### WHAT TO WORK ON:
From the line holding "商場電梯清潔主要檢查電梯箱、" through the line holding "Hismile V34 Teeth" below, write out every line exactly; include both of those lines and drop the pictures.
**** DATA SHOWN ****
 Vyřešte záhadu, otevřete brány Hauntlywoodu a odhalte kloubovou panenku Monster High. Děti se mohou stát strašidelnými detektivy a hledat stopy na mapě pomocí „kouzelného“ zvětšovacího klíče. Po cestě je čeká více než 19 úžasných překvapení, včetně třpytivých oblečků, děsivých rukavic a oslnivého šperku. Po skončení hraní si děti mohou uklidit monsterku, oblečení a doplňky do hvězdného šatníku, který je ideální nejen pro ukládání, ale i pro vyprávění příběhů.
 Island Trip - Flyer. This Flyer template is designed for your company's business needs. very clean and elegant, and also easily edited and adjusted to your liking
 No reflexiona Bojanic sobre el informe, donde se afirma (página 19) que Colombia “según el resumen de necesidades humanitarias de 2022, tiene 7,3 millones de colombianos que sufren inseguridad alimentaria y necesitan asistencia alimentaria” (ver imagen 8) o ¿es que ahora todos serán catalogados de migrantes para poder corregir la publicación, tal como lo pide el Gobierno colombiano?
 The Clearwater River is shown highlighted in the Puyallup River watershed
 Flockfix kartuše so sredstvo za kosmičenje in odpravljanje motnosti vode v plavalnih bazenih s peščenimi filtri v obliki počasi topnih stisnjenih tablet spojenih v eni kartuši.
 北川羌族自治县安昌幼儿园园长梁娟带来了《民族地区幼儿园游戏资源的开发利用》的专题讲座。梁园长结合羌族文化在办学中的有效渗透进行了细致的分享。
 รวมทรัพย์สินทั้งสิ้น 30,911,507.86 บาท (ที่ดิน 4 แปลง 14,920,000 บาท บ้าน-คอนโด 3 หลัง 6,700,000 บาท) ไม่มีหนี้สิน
****
**** DATA SHOWN ****
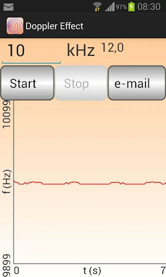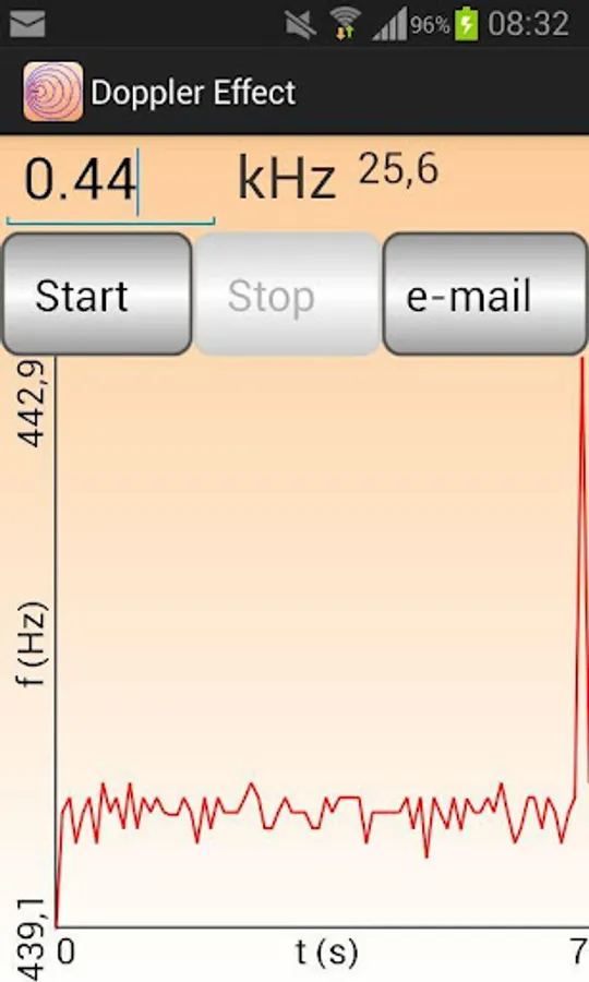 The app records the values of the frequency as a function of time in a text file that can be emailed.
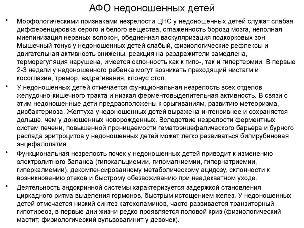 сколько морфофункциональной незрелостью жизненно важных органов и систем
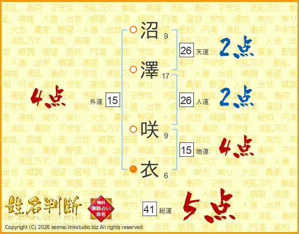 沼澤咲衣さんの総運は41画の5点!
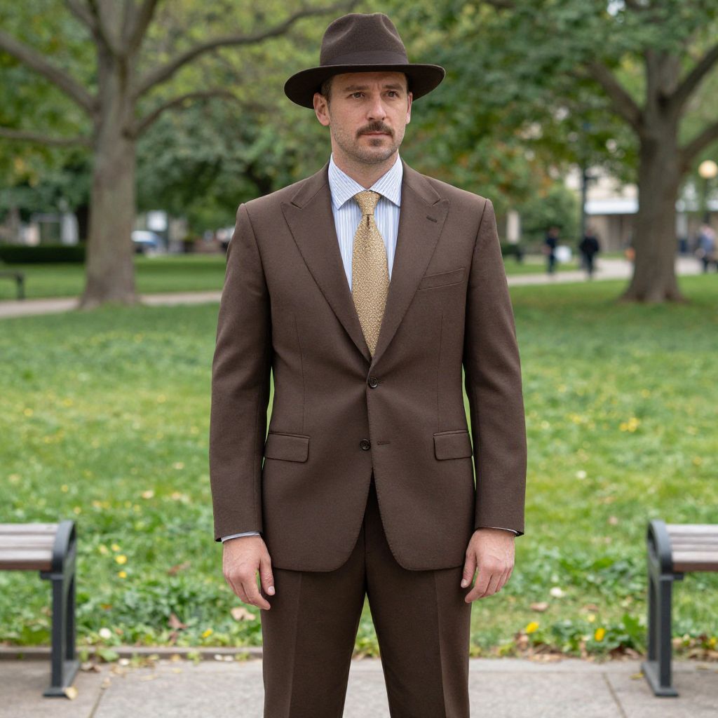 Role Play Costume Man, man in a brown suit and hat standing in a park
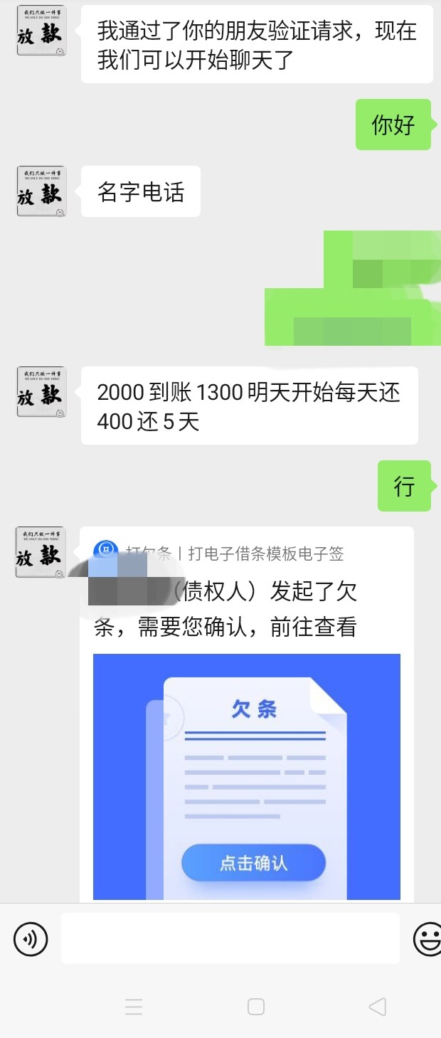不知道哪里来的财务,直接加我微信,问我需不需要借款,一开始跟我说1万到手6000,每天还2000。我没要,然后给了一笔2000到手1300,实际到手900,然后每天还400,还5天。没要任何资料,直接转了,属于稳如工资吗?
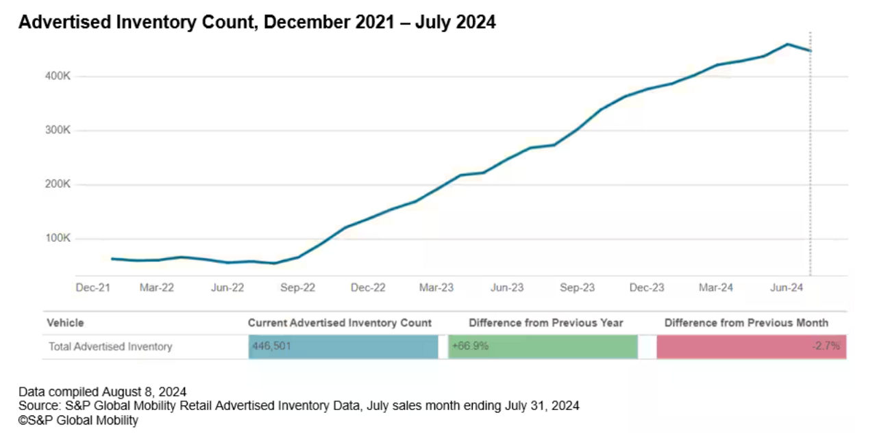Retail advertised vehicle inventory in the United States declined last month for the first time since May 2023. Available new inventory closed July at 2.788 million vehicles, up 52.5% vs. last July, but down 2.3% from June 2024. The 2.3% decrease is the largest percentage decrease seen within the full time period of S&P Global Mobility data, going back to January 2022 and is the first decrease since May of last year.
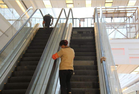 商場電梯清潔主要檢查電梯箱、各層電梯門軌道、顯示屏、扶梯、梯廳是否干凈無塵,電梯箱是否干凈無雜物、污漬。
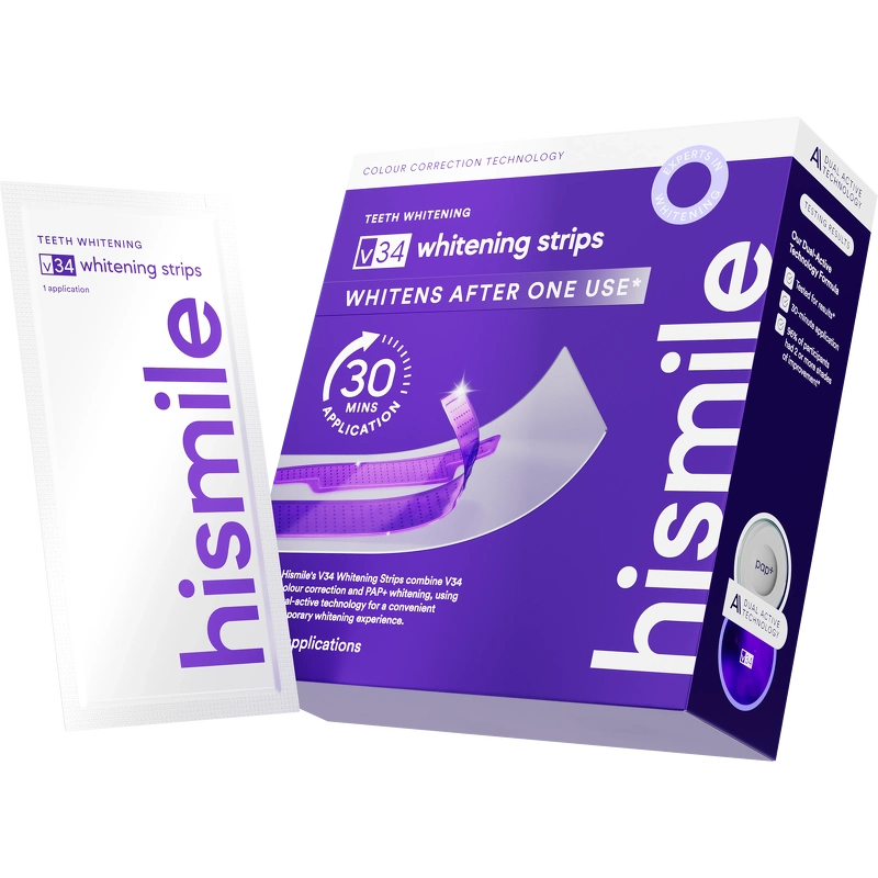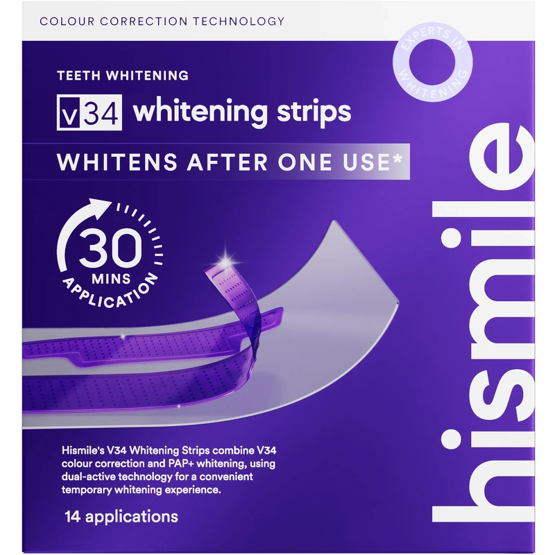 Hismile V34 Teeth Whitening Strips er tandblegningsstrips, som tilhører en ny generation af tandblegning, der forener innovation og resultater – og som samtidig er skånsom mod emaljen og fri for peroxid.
****
### OUTPUT OF THE TASK:
 商場電梯清潔主要檢查電梯箱、各層電梯門軌道、顯示屏、扶梯、梯廳是否干凈無塵,電梯箱是否干凈無雜物、污漬。
 Hismile V34 Teeth Whitening Strips er tandblegningsstrips, som tilhører en ny generation af tandblegning, der forener innovation og resultater – og som samtidig er skånsom mod emaljen og fri for peroxid.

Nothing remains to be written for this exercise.